External services marked "configurable" are resolved at runtime via the Provider Abstraction Layer (see Section 4.6). The specific vendor is an environment variable, not a hardcoded dependency.


3. Container Architecture

[Diagram]

Deployment rationale:

Surface Platform Why
Next.js apps Vercel Zero-config SSR, edge CDN, preview deployments per PR
NestJS API Railway Simple Docker-based Node.js, persistent WebSocket support, no cold starts
PostgreSQL Neon Serverless branching (dev/staging per Neon branch), PITR, PostGIS, migrates to AWS RDS without code changes
Redis Upstash Serverless, compatible with BullMQ, Upstash REST fallback for edge functions
Vroom Railway Docker Co-located with API; internal HTTP only, never public
Mobile EAS + App Stores Over-the-air updates via EAS Update for JS-only changes

4. Backend Design

4.1 NestJS Module Graph

[Diagram]

ProvidersModule owns all swappable external service adapters. NotificationModule depends on it for SMS and email dispatch. DriverModule depends on it for document storage. No other module reaches an external SDK directly — they go through the interfaces exported by ProvidersModule. See Section 4.6 for full detail.

4.2 Request Pipeline

Every request passes through these layers in order. Failure at any layer short-circuits with a structured JSON error.

[Diagram]

4.3 REST API Surface

All endpoints prefixed /api/v1/. Breaking changes bump to /api/v2/.

Prefix Roles Key operations
/auth public / all login, register, refresh, logout, OTP, MFA
/users/me all get + update own profile
/dependents guardian, admin CRUD, login toggle, PIN reset
/trusted-circle guardian, admin manage per-dependent contacts
/saved-places guardian, admin manage per-dependent locations
/bookings guardian, dispatcher, admin create, approve, reject, list
/rides all (scoped) get, cancel, events log
/rides/:id/location driver GPS position POST
/rides/:id/validate-pin driver PIN entry and override flows
/safety/sos guardian, dependent trigger; ops acknowledges
/incidents all (scoped) CRUD, status transitions
/drivers/me driver profile, documents, shifts, availability
/drivers dispatcher, admin list, onboarding pipeline
/dispatch/optimize dispatcher confirmed rides list, Vroom solve
/route-plans dispatcher, admin approve, discard
/subscriptions guardian, admin create, cancel, pause
/payments guardian, dependent (limited), admin list, detail
/webhooks/stripe Stripe (HMAC-verified) event handler
/admin/config admin system config read/write

4.4 WebSocket Room & Event Reference

[Diagram]

Redis adapter (@socket.io/redis-adapter + Upstash) enables multi-replica horizontal scaling. Socket.io events emitted on any Railway replica are fanned out to all replicas via Redis pub/sub.

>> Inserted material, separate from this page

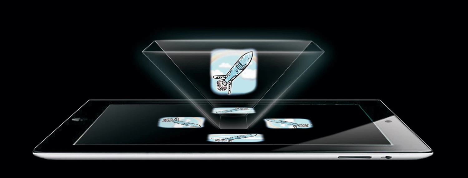 The app converts the image into a hologram with an animated background that can be viewed on your phone or tablet using the special plastic lens.

4.5 Background Workers (BullMQ)

Queue Trigger Worker action
location.persist GPS POST received Batch-insert ride_live_locations async
location.anomaly Location inserted Compare GPS vs planned route; escalate deviation level
notification.dispatch Any domain event Route to push/SMS/email via provider interfaces; exponential retry on failure
ride.offer.expire Assignment created Mark offer expired after configurable timeout
billing.cycle_close ElaAbo cycle end (cron) Calculate overage; issue Stripe charge
billing.webhook Stripe event received Process payment_succeeded / payment_failed
driver.doc_reminder Daily cron 08:00 Berlin Query docs expiring ≤30 days; send reminder push + email
ride.cleanup Ride → terminal state Delete ride_live_locations; clear Redis GPS key
data.retention Weekly cron Sunday 02:00 Execute per-type retention policy; log to audit table

All queues have a dead-letter queue. Permanently failed jobs (after max 5 attempts with exponential backoff) send an alert to the on-call Slack channel via Sentry alert rule.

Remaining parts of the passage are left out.